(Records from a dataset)
Content starts

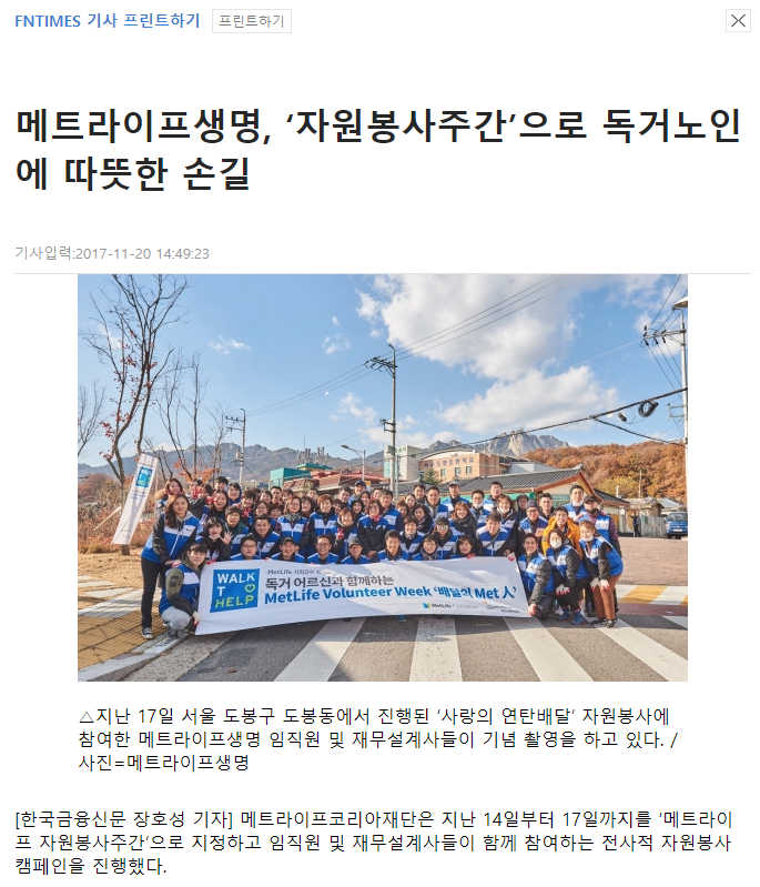 [폴리뉴스] 메트라이프생명, 독거노인 지원 위한 '희망의 자원봉사'
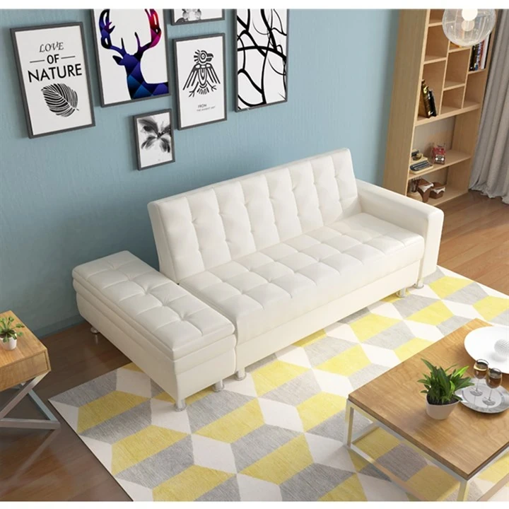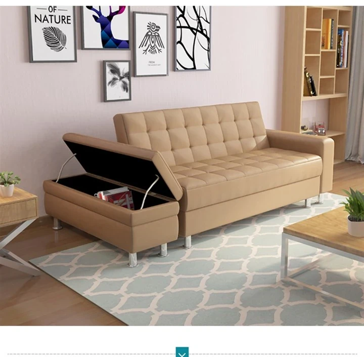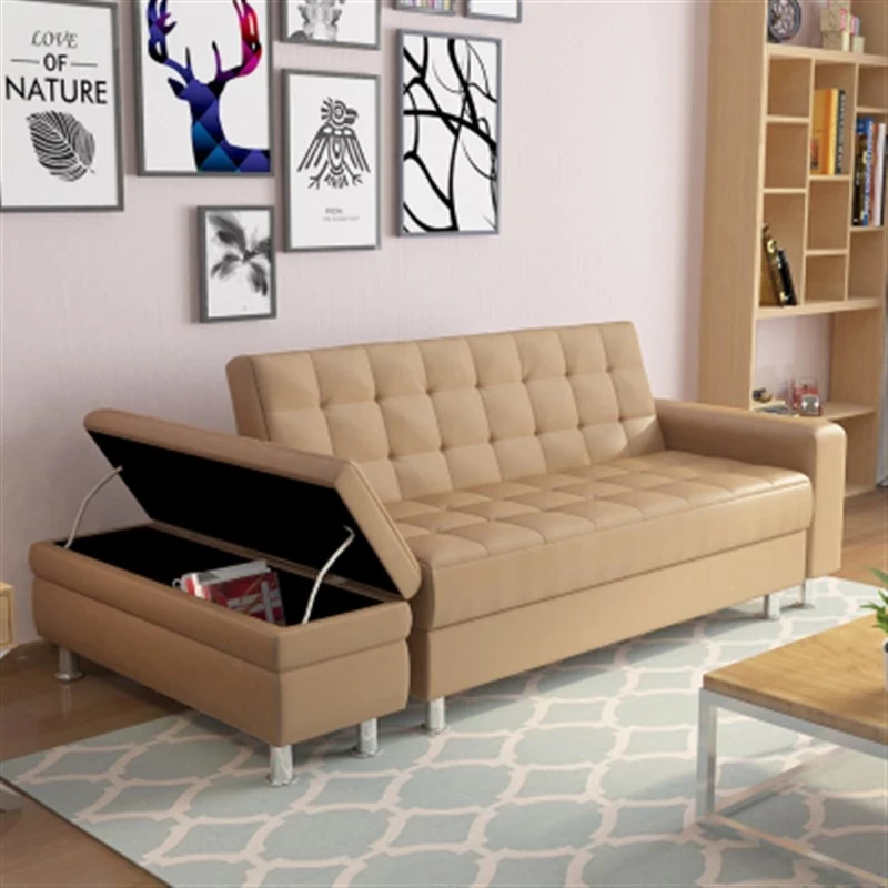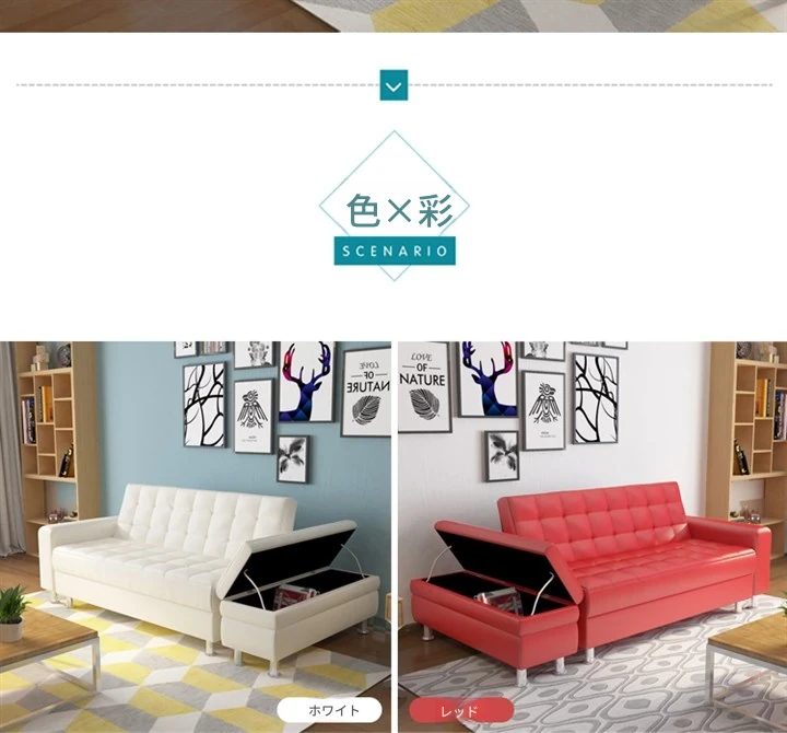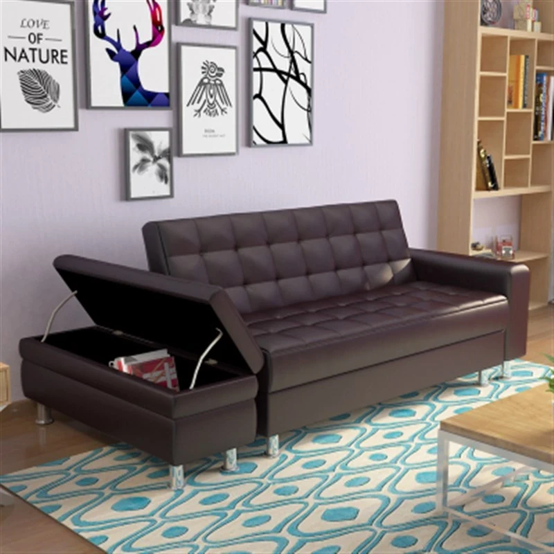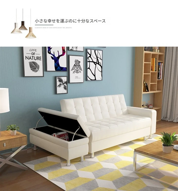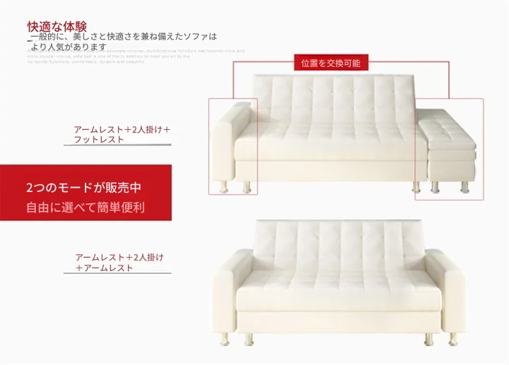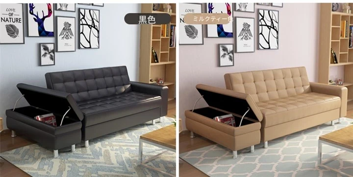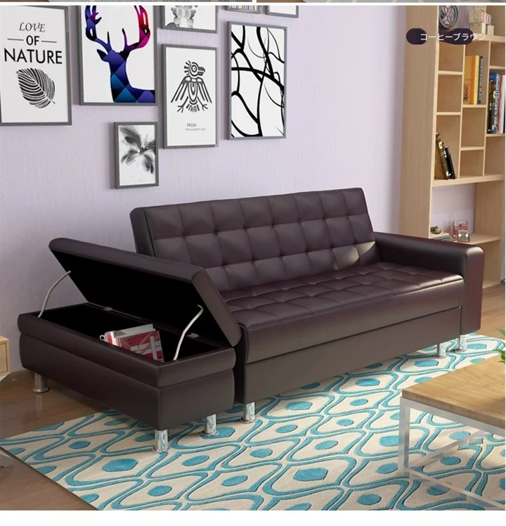 収納機能付き折りたたみ式ジャパニーズレザーソファベッド - スペースを有効活用!小型リビングや寝室、書斎に最適な多機能ソファ!
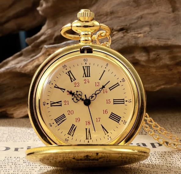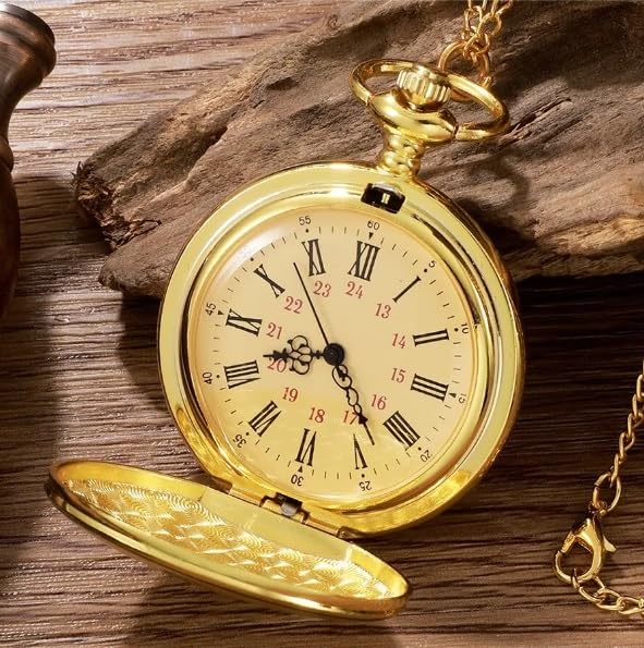 Generic - ساعة جيب كوارتز عتيقة بأرقام رومانية من ستيمبنك بهيكل ذهبي وقلادة وسلسلة للرجال والنساء
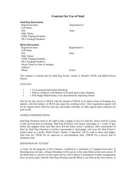 Contract for Use of Stud Stud Dog Information: Registered name: Registration #: Call Name: Sire: Dam: Mdr1 Status: CERF Findings/Number:
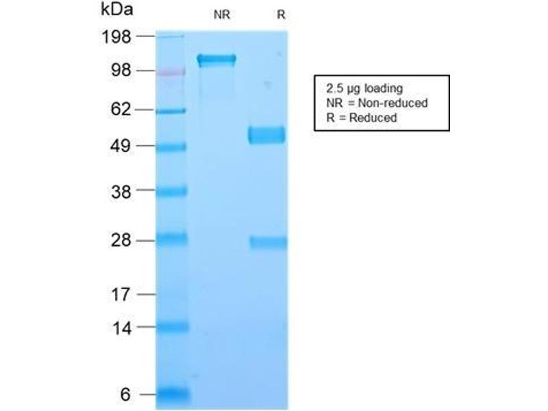 Known Application: ELISA (Use Ab at 2-4 μg/mL for coating) (Order Ab without BSA), Immunohistochemistry (Formalin-fixed) (0.5-1 μg/mL for 30 min at RT)(Staining of formalin-fixed tissues requires boiling tissue sections in 10 mM Citrate Buffer, pH 6.0, for 10-20 min followed by cooling at RT for 20 minutes)Optimal dilution for a specific application should be determined.
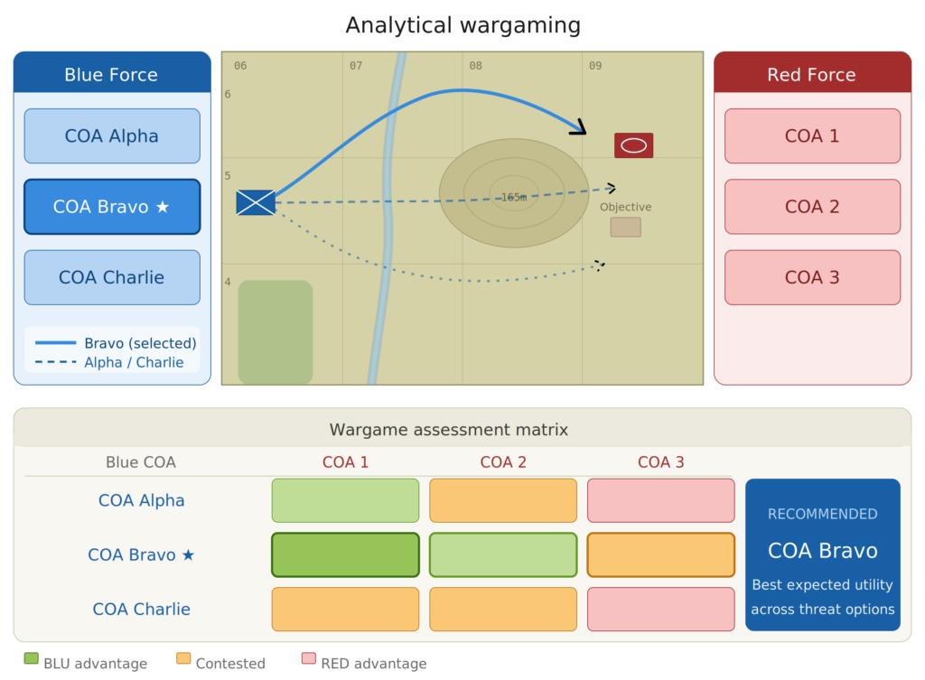 The selected course of action is then tested in an analytical wargame. Blue and red options are played against each other in a structured force-on-force execution, producing an evaluation matrix. The result is a transparent, evidence-based recommendation that serves as the basis for the order.
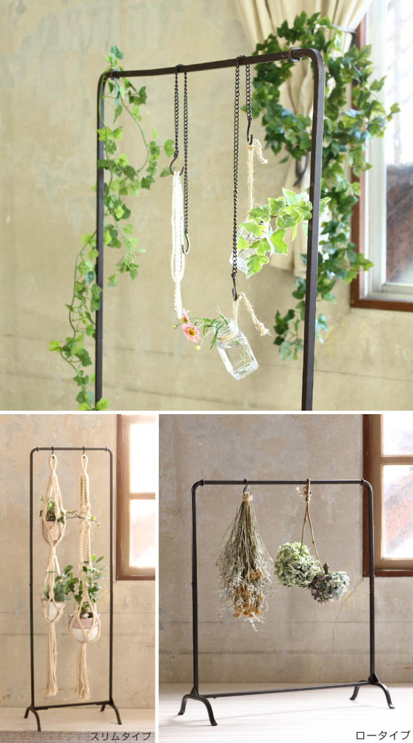 洋服やバッグを掛けるだけでなく、S字フックを使って観葉植物やドライフラワーなど飾るディスプレイスペースとしても楽しめます。
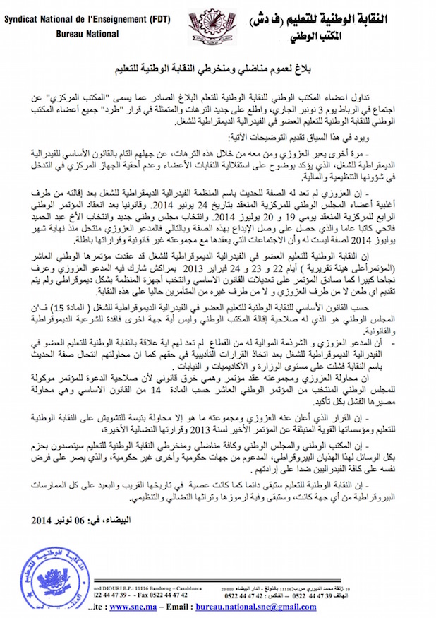 تداول أعضاء المكتب الوطني للنقابة الوطنية للتعليم البلاغ الصادر عما يسمى “المكتب المركزي” عن اجتماع في الرباط يوم 3 نونبر الجار، واطلع على جديد الترهات والمتمثلة في قرار “طرد” جميع أعضاء المكتب الوطني للنقابة الوطنية للتعليم العضو في الفيدرالية الديمقراطية للشغل .
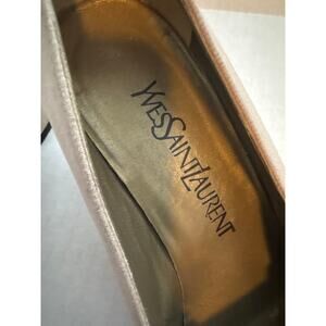 VTG YSL. Gold bucket with brand name. Leather soles. Made in Italy. PLEASE READY - one heel appears to have been repaired, see pics, otherwise only minimal wear on shoes, great preowned condition. Professional, highly rated seller, quick shipper, open to offers! Multiple vintage items available, bundle to save!
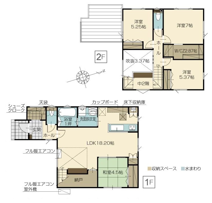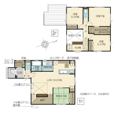 | 間取り | 4LDK1階:LDK18.2帖 和室4.5帖 / 2階:洋室7帖 洋室5.37帖 / その他:洋室5.25帖 |
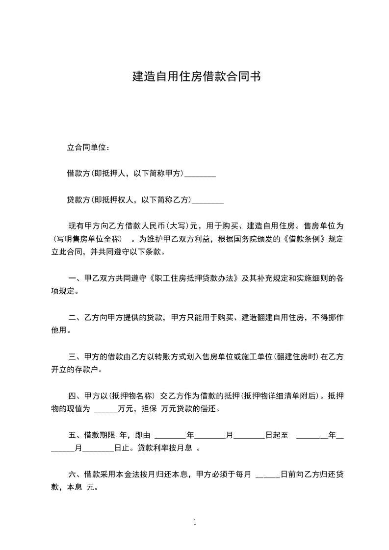 现有甲方向乙方借款人民币____________元,用于购买、建造自用住房。售房单位为。为维护甲乙双方利益,根据国务院颁发的《民法典》规定立此合同,并共同遵守以下条款。
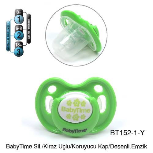 • BabyTime emzikleri ortodondik (Damaklı) ve Kiraz uçlu olarak tasarlanmıştır. Emzik aynasındaki kanallar nedeni ile ağızda fazlalık olarak biriken salya kolayca boşaltılır ve emzik aynasındaki delikler sayesinde hava dolaşımı kolayca gerçekleşir ve bebek hassas cildine zarar vermesi önlenir.
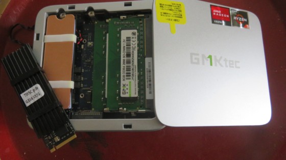 GMKtec NucBox G10は、SSDとメモリーの交換・増設が、すごく容易です(GMKtec NucBox G10 レビュー)。上蓋はツメでひっかけてあるだけなので、簡単に外せます。M.2 スロットは2つあり、512GBのSSDが装着されていて、1つは空いているのでSSDを増設できます。512GBのSSDを外して、新たに購入した128GBのSSDに付け替えました。
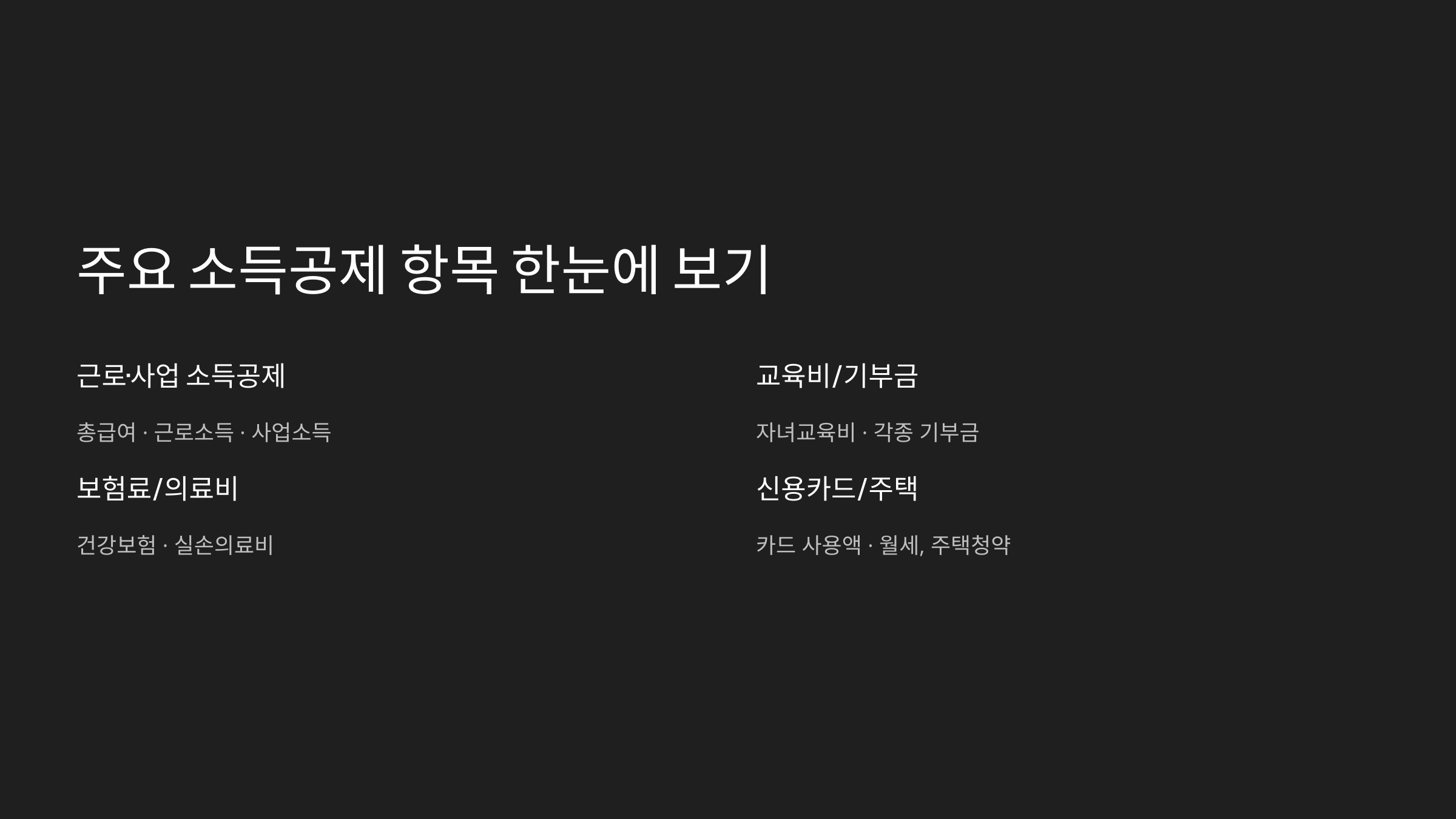 📂 주요 소득공제 항목 정리
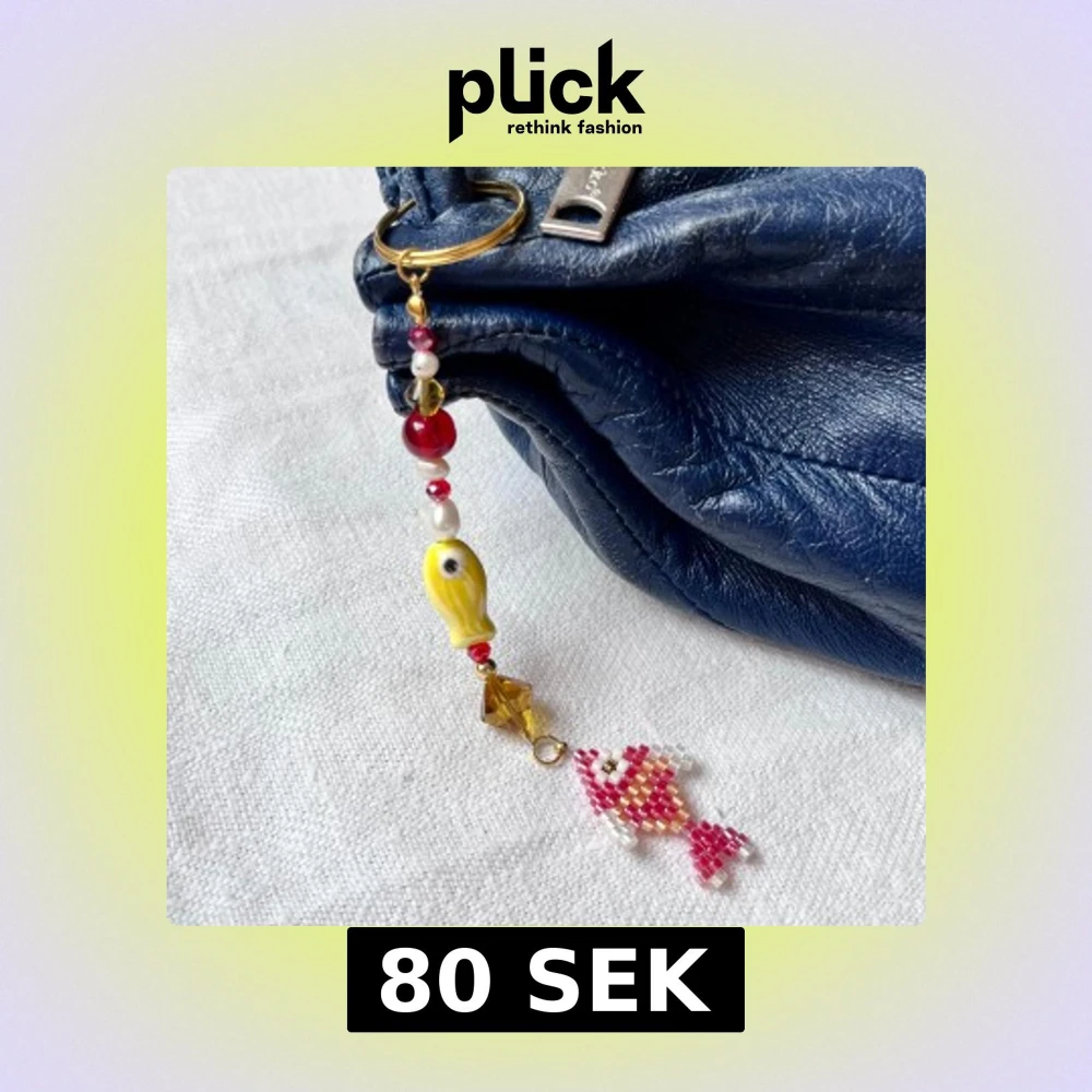 Unik bagcharm med mixade pärlor i olika färger och former, dekorerat med en handgjord fiskberlock av små pärlor. Handgjord av mig! ✨
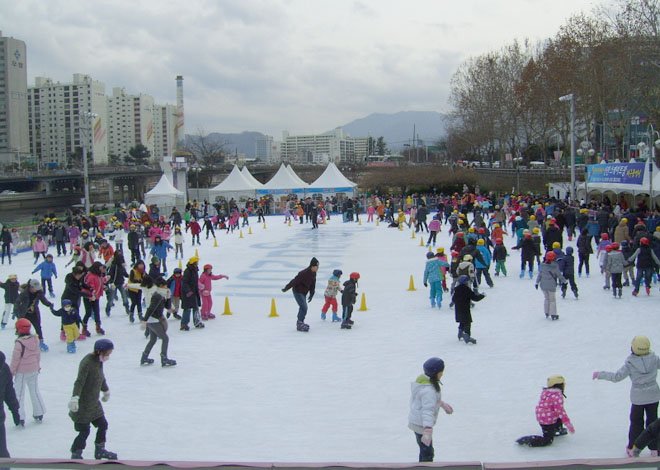 대구시가 시민들의 겨울운동 및 체력증진과 어린이 놀이 공간 마련을 위해 개장한 신천스케이트장이

Content ends

Your objective
For this exercise, reproduce exactly the lines of the records above from the one with "The selected course" up to and including the one with "تداول أعضاء المكتب", without pictures.

Result of this exercise
 The selected course of action is then tested in an analytical wargame. Blue and red options are played against each other in a structured force-on-force execution, producing an evaluation matrix. The result is a transparent, evidence-based recommendation that serves as the basis for the order.
 洋服やバッグを掛けるだけでなく、S字フックを使って観葉植物やドライフラワーなど飾るディスプレイスペースとしても楽しめます。
 تداول أعضاء المكتب الوطني للنقابة الوطنية للتعليم البلاغ الصادر عما يسمى “المكتب المركزي” عن اجتماع في الرباط يوم 3 نونبر الجار، واطلع على جديد الترهات والمتمثلة في قرار “طرد” جميع أعضاء المكتب الوطني للنقابة الوطنية للتعليم العضو في الفيدرالية الديمقراطية للشغل .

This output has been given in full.